Your copy of the listing must be exact and must hold no images.

**DATASET CONTENT**.
---

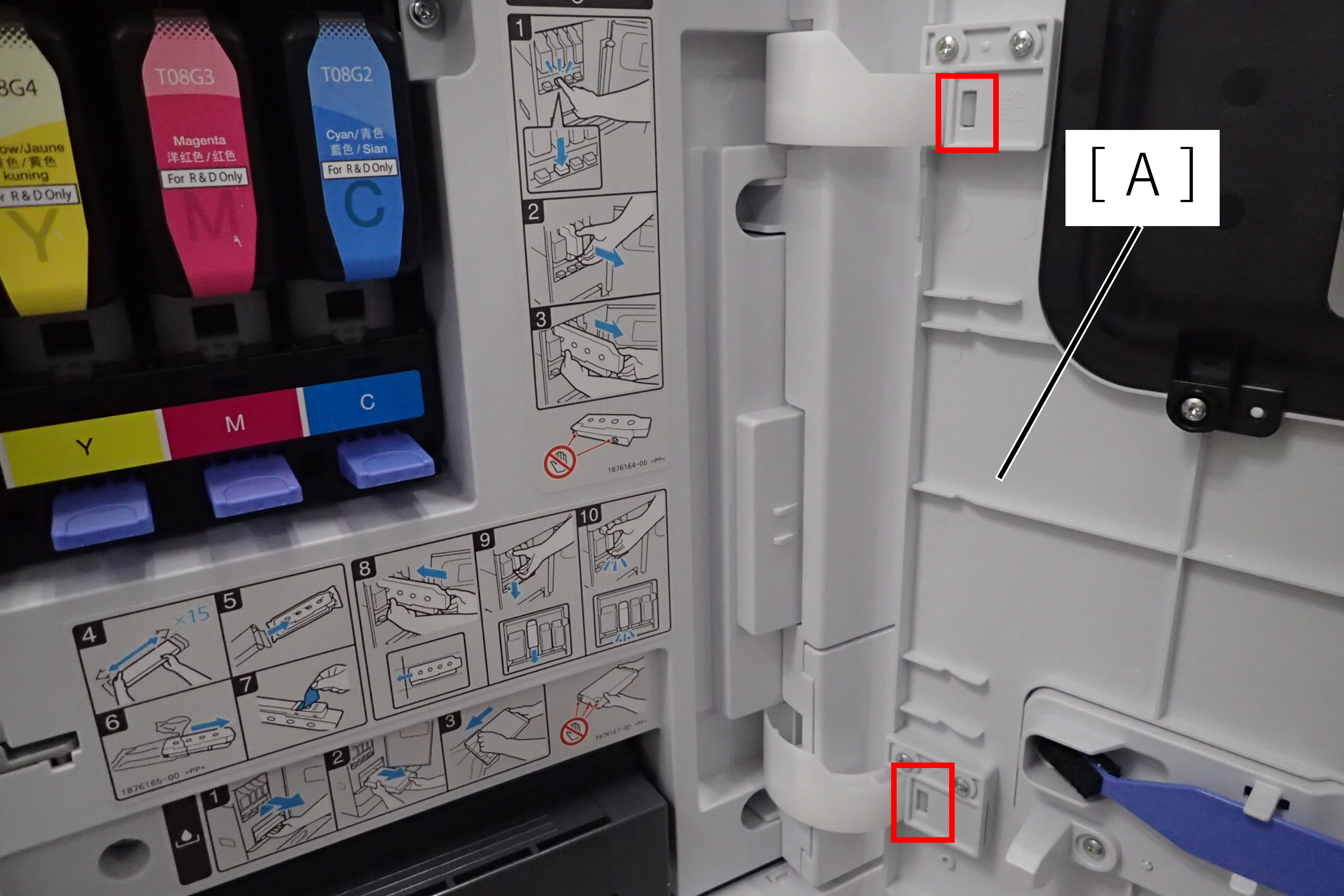 - 按照无法拆下的运输部件,改变打印头单元或泵附件单元的位置。
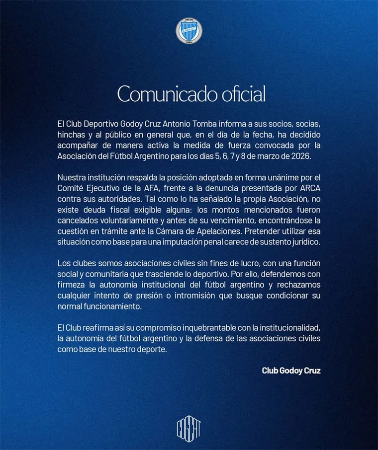Los antecedentes recientes refuerzan esa percepción. Atlético Tucumán cuestionó arbitrajes y, en cuestión de horas, volvió a la órbita oficialista. El propio Godoy Cruz Antonio Tomba, cuando sus futbolistas alzaron la voz por decisiones arbitrales, vio a su dirigencia desmarcarse con rapidez quirúrgica y reafirmar su respaldo institucional.
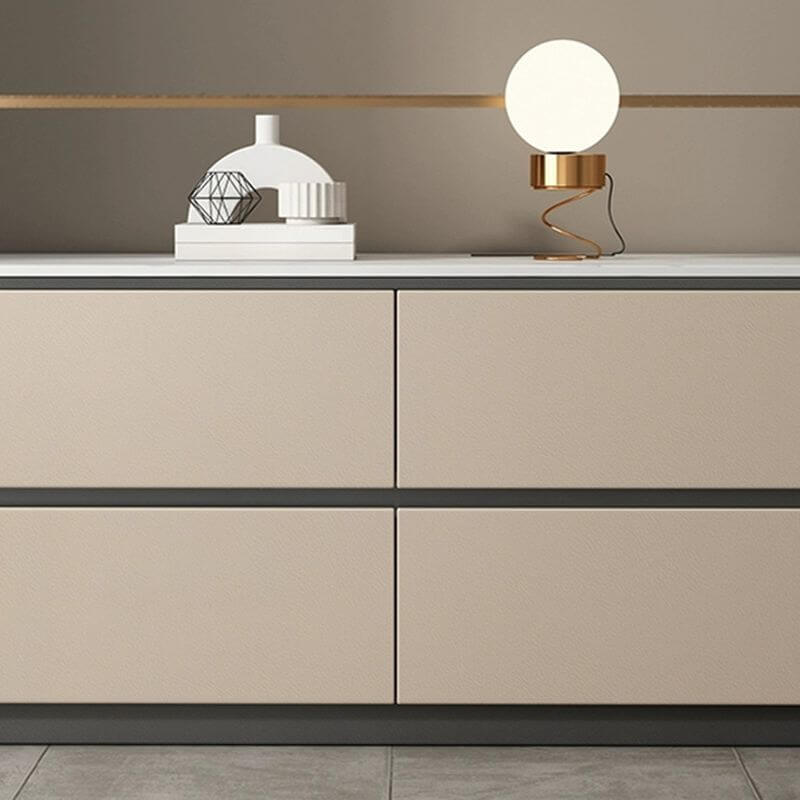 - Four smooth push-to-open drawers with subtle, soft-touch leather-like texture and integrated deep-gray metallic饰带 (5–6mm) forming a precise 'grid' layout

---

**ANSWER TO THIS PROBLEM**.
 - 按照无法拆下的运输部件,改变打印头单元或泵附件单元的位置。
Los antecedentes recientes refuerzan esa percepción. Atlético Tucumán cuestionó arbitrajes y, en cuestión de horas, volvió a la órbita oficialista. El propio Godoy Cruz Antonio Tomba, cuando sus futbolistas alzaron la voz por decisiones arbitrales, vio a su dirigencia desmarcarse con rapidez quirúrgica y reafirmar su respaldo institucional.
 - Four smooth push-to-open drawers with subtle, soft-touch leather-like texture and integrated deep-gray metallic饰带 (5–6mm) forming a precise 'grid' layout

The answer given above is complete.